#### Entries shown

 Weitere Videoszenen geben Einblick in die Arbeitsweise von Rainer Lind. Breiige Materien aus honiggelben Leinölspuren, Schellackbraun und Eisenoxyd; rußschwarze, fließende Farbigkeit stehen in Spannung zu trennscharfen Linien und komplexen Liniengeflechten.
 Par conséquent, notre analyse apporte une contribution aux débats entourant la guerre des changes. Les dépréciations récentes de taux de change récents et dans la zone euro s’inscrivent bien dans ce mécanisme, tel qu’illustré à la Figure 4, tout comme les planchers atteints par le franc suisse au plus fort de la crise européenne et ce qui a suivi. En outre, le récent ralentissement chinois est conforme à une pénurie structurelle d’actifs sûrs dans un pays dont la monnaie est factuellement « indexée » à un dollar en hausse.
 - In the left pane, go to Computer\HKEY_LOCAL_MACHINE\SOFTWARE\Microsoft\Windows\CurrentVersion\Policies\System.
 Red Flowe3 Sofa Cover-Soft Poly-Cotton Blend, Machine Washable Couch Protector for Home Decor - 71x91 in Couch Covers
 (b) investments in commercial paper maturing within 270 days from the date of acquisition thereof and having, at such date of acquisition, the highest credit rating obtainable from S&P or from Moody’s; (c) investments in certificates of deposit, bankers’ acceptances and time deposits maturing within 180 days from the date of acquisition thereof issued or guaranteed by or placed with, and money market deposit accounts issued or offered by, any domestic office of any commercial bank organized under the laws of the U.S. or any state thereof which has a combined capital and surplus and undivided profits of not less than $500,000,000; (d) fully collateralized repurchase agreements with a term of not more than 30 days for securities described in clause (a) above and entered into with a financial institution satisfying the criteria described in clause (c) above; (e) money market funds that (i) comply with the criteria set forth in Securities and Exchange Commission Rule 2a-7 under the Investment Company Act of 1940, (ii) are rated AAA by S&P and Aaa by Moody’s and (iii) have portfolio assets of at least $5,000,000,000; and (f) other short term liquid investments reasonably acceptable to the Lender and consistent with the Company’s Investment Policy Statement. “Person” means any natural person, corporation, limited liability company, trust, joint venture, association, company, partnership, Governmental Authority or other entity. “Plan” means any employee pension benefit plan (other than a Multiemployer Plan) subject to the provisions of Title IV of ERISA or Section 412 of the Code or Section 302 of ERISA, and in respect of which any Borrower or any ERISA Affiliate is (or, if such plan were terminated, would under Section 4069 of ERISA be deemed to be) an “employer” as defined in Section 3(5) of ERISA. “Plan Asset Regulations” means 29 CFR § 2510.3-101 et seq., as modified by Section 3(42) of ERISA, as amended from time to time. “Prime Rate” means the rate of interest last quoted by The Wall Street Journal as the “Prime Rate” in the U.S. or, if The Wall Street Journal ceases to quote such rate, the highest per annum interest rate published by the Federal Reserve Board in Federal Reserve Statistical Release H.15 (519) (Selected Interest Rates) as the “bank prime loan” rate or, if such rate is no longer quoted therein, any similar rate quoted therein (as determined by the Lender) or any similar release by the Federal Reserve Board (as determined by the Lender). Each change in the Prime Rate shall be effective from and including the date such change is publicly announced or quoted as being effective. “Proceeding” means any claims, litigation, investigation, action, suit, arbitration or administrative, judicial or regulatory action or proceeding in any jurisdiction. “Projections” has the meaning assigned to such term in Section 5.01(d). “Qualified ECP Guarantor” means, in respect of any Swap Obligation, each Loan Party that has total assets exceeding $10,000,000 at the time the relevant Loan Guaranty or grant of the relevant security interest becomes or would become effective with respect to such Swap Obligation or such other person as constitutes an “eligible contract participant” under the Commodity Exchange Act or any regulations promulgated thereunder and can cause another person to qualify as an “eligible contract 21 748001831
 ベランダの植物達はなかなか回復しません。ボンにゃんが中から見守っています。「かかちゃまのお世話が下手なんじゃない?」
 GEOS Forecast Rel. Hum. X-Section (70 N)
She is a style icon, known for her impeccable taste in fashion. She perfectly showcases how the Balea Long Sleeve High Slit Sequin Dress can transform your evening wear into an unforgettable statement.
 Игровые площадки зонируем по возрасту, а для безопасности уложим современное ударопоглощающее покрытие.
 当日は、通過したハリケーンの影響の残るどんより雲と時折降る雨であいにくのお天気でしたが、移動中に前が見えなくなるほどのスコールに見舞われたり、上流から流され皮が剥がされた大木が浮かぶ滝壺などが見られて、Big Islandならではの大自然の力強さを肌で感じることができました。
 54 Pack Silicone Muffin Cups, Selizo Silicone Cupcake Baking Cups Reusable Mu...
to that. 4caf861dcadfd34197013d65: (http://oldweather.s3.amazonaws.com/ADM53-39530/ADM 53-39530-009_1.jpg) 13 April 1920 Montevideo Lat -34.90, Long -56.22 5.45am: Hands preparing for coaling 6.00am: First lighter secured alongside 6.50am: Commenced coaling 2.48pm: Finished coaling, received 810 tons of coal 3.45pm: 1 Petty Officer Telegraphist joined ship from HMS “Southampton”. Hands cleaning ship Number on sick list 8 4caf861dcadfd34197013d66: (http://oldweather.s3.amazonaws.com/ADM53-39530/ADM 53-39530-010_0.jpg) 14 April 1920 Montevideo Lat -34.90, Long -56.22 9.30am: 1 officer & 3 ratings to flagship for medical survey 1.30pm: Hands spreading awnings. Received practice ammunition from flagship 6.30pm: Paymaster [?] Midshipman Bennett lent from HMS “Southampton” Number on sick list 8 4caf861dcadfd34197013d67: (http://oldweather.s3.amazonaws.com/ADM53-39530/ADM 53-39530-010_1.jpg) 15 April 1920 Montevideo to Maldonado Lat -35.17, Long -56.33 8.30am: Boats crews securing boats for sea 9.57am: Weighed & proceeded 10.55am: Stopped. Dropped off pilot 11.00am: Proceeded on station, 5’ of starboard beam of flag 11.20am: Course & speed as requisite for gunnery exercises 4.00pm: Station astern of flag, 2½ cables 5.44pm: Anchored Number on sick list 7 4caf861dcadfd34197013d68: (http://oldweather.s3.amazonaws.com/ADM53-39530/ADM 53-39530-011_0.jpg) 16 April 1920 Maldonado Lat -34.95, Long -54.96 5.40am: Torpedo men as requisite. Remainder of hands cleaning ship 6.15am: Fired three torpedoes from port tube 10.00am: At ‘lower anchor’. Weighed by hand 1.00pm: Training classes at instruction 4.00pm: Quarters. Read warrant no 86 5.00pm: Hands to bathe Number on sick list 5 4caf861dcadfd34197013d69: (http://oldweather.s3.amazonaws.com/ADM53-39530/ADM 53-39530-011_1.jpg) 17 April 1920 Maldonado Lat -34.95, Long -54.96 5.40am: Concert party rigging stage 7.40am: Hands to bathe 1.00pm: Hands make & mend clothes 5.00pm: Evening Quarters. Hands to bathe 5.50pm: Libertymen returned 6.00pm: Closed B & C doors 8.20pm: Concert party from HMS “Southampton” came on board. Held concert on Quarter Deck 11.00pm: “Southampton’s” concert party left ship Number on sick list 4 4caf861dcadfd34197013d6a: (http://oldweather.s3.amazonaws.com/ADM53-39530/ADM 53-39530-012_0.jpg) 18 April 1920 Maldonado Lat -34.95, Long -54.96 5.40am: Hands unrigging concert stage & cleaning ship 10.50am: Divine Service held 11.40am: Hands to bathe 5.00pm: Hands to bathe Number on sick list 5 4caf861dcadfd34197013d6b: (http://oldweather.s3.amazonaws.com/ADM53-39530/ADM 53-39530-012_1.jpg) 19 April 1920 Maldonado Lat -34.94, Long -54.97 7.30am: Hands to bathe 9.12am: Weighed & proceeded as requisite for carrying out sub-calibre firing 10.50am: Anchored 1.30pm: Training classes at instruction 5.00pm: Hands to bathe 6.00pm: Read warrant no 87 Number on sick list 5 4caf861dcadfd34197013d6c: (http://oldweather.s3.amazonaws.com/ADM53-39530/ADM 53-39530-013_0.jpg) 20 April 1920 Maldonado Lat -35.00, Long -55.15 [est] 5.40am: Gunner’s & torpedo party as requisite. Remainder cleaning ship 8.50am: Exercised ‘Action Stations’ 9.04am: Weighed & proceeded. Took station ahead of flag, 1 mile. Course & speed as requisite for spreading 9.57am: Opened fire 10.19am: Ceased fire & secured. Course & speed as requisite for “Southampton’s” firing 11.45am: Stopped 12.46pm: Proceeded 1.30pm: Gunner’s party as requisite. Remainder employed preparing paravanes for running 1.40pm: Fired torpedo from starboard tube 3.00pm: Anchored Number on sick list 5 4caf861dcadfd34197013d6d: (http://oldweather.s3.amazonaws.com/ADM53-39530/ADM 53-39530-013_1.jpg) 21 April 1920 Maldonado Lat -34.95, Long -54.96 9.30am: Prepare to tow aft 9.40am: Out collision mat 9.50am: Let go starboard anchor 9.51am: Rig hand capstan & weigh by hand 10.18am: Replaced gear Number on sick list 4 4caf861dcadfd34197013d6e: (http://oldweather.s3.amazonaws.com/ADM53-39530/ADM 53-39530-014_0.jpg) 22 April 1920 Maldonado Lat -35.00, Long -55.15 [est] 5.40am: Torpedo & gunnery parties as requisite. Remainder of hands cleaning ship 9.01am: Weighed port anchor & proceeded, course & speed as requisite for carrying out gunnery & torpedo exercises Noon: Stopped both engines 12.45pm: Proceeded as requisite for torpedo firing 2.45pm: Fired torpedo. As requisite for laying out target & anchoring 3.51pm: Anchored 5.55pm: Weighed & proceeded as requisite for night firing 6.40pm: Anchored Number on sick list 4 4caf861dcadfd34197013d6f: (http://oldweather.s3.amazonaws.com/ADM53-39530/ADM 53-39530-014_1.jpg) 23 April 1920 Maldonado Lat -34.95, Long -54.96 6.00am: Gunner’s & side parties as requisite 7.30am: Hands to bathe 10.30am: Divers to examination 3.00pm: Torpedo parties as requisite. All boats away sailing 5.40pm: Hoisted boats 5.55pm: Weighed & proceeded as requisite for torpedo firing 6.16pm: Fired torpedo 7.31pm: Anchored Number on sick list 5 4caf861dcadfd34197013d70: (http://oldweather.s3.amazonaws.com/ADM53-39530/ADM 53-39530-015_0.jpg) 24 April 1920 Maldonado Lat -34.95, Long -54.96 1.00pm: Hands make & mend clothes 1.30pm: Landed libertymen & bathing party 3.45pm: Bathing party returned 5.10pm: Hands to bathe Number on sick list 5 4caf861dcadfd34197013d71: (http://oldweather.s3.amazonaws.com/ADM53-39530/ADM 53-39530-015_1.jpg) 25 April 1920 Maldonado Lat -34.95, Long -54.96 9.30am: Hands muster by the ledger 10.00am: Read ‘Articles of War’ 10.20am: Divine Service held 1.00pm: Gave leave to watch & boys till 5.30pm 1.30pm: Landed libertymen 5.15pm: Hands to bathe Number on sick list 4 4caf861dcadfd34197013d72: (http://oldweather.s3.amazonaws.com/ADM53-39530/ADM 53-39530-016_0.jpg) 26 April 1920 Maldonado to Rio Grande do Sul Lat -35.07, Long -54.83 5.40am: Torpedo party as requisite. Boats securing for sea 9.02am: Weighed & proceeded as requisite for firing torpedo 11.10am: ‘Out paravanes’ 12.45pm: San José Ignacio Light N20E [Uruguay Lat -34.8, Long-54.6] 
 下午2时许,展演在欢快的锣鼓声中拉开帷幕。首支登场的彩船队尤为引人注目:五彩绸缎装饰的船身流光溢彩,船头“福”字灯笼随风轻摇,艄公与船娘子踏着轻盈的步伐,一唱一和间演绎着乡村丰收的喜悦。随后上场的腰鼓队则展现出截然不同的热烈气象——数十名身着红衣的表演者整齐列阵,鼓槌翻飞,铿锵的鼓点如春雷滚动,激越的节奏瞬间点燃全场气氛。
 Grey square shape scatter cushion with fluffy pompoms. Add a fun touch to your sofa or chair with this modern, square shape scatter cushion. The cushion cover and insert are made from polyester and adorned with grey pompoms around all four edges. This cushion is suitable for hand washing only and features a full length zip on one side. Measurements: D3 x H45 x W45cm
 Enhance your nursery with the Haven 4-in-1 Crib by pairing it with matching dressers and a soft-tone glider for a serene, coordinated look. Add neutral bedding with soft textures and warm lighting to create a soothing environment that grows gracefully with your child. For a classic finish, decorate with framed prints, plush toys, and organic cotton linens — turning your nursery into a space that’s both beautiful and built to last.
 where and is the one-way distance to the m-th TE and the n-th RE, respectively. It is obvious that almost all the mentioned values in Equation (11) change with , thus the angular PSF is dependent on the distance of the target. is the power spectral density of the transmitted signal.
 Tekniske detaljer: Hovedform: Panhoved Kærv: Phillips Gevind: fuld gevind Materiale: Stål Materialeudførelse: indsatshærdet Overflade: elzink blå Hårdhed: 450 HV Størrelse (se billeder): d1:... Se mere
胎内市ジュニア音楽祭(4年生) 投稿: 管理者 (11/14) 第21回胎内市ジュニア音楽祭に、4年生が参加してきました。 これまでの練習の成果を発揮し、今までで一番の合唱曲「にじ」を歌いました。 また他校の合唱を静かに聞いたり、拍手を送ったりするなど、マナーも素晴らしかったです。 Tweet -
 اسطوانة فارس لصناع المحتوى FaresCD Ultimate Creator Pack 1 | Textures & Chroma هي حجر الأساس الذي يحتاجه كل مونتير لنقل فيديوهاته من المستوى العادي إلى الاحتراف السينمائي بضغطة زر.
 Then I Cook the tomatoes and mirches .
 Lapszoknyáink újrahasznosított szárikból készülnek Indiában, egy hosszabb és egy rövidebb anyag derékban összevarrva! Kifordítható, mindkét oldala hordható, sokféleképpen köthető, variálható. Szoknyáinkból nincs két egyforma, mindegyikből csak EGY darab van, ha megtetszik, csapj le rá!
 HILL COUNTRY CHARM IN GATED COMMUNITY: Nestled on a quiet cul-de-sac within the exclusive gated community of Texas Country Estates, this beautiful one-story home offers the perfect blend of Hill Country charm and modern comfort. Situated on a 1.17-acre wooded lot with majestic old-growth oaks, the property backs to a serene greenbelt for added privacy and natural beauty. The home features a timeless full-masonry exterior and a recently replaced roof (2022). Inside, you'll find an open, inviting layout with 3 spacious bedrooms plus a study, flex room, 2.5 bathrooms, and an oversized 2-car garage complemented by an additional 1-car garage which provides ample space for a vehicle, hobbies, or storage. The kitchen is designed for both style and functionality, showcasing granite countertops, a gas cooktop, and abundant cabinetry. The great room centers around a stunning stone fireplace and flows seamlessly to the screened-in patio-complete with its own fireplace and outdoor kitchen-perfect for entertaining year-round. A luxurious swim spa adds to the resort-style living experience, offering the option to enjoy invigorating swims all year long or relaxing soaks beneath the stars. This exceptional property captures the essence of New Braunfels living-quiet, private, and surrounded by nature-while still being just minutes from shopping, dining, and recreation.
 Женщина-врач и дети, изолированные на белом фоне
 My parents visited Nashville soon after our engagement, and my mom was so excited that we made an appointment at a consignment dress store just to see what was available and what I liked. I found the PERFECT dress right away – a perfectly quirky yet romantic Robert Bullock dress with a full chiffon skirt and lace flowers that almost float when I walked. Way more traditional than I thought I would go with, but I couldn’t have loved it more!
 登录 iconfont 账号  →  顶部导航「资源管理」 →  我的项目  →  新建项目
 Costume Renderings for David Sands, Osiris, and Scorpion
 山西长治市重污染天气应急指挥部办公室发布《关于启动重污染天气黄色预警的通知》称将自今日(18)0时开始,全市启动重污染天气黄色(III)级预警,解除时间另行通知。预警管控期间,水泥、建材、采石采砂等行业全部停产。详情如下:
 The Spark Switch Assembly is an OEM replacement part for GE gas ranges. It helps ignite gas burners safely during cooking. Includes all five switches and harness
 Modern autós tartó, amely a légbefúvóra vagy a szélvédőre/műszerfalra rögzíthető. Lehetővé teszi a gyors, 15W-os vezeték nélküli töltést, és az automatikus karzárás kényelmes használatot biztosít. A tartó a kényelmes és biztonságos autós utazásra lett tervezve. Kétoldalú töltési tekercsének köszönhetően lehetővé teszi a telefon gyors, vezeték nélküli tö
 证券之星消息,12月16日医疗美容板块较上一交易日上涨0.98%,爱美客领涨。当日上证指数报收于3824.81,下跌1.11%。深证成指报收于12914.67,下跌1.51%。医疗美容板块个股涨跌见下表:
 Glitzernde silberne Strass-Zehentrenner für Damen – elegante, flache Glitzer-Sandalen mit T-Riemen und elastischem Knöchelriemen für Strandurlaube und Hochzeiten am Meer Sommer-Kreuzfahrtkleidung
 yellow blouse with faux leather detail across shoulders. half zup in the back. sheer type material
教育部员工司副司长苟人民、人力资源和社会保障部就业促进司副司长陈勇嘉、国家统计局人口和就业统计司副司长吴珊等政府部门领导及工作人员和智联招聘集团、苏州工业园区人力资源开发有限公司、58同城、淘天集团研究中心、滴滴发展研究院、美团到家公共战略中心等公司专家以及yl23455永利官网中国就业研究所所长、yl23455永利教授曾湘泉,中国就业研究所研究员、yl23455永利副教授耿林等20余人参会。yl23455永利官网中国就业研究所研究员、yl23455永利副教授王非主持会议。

########

**Task statement**
For the string "your", give the number of lines in the records that contain it and nothing besides.

**Task response**
3